▸ What you need to do: Extract the lines up to and including the one that contains "2.读图,其中甲图的阴影部分表示黑夜,回答下列问题。(每空2分,共14分)", starting with the first line of the entries below, and omit the pictures.

Data entries:
================

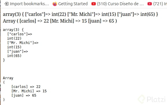 Se observa un arreglo o array con el cual podemos almacenar más de un dato. Si queremos observar en consola el contenido y detalles sobre esta variable, podemos usar var_dump():
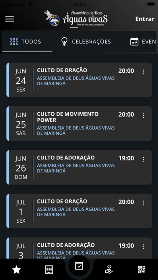 Através do App você pode realizar várias atividades para se relacionar com a Igreja, como:
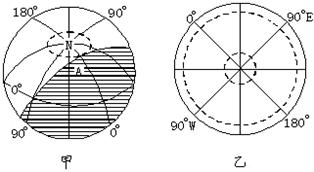 2.读图,其中甲图的阴影部分表示黑夜,回答下列问题。(每空2分,共14分)
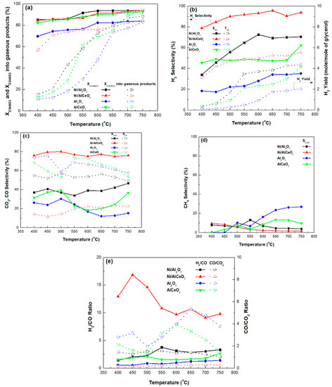 Finally, the influence of reaction temperature on the H2/CO and the CO/CO2 molar ratios in the gaseous products’ mixture is presented in Figure 7e. For the Ni/AlCeO3 catalyst, the CO/CO2 molar ratio is close to zero for the whole temperature range, while the H2/CO molar ratio value decreases with increasing temperature from a value of about 17 (450 °C) to a value of about 10 (550–750 °C). In contrast, for the Ni/Al2O3 catalyst, both ratios are equal to 2–3 and appear relatively stable over the whole temperature range under investigation. The H2/CO molar ratio value is more or less negligible for the supporting materials, whereas the CO/CO2 molar ratio values range from about 2 between 400 and 500 °C, increases from 500 to 600 °C and decreases again for 650 °C < T < 750 °C (its maximum value was ~5.5 for the Al and ~4 for the AlCeO3 sample). It is known that in the reaction process, dehydrogenation of the adsorbed glycerol molecule first takes place on the metal surface of catalyst to give adsorbed intermediates for the cleavage of C–C or C–O bonds.
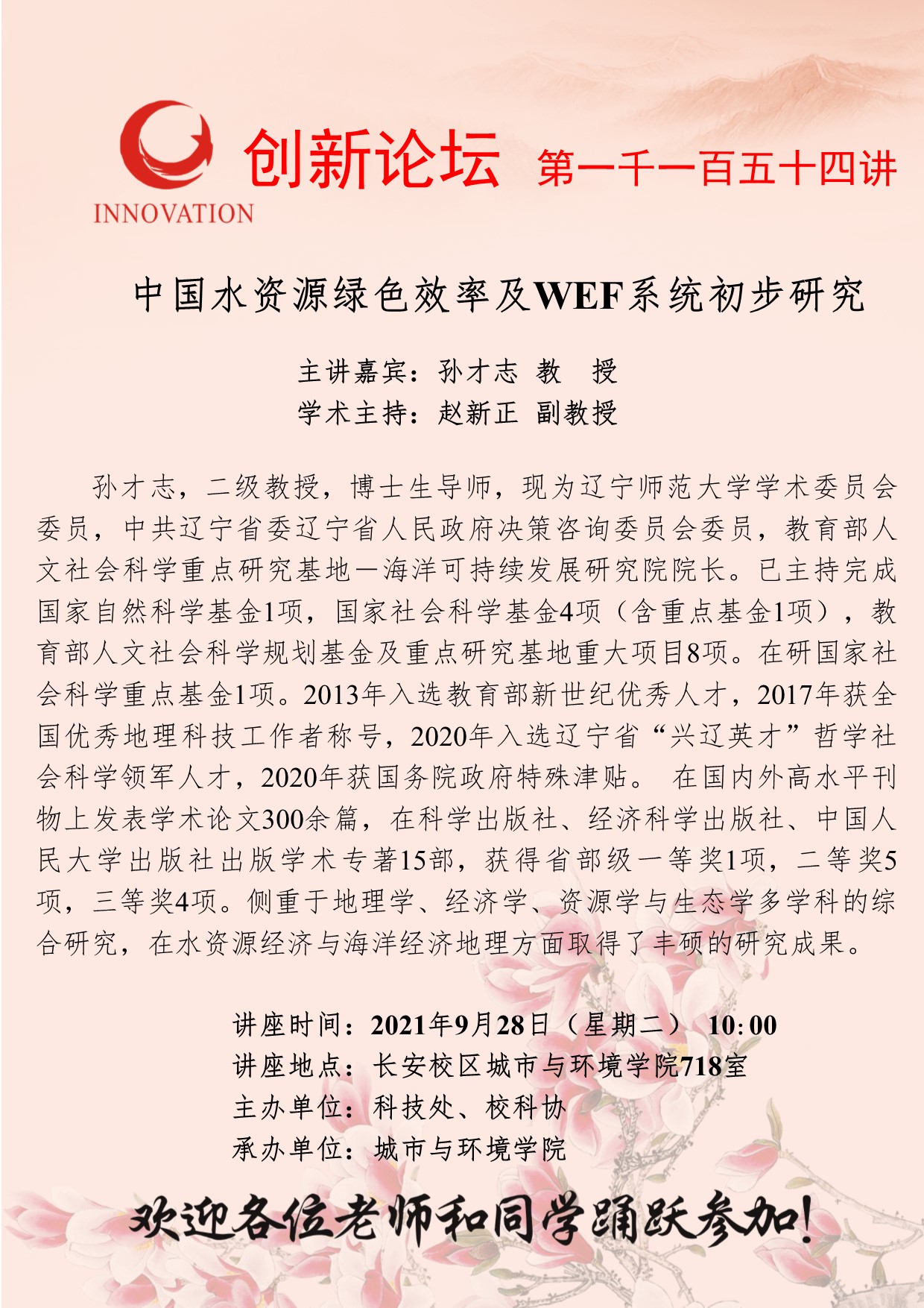 孙才志 教授 星空app官网创新论坛第一千一百五十四讲:中国水资源绿色效率及WEF系统初步研究 讲座时间 2021年9月28日(星期二) 10:00 讲座地点 长安校区城市与环境学院718室 讲座人介绍 孙才志 教授 讲座内容

================

▸ Output below:
 Se observa un arreglo o array con el cual podemos almacenar más de un dato. Si queremos observar en consola el contenido y detalles sobre esta variable, podemos usar var_dump():
 Através do App você pode realizar várias atividades para se relacionar com a Igreja, como:
 2.读图,其中甲图的阴影部分表示黑夜,回答下列问题。(每空2分,共14分)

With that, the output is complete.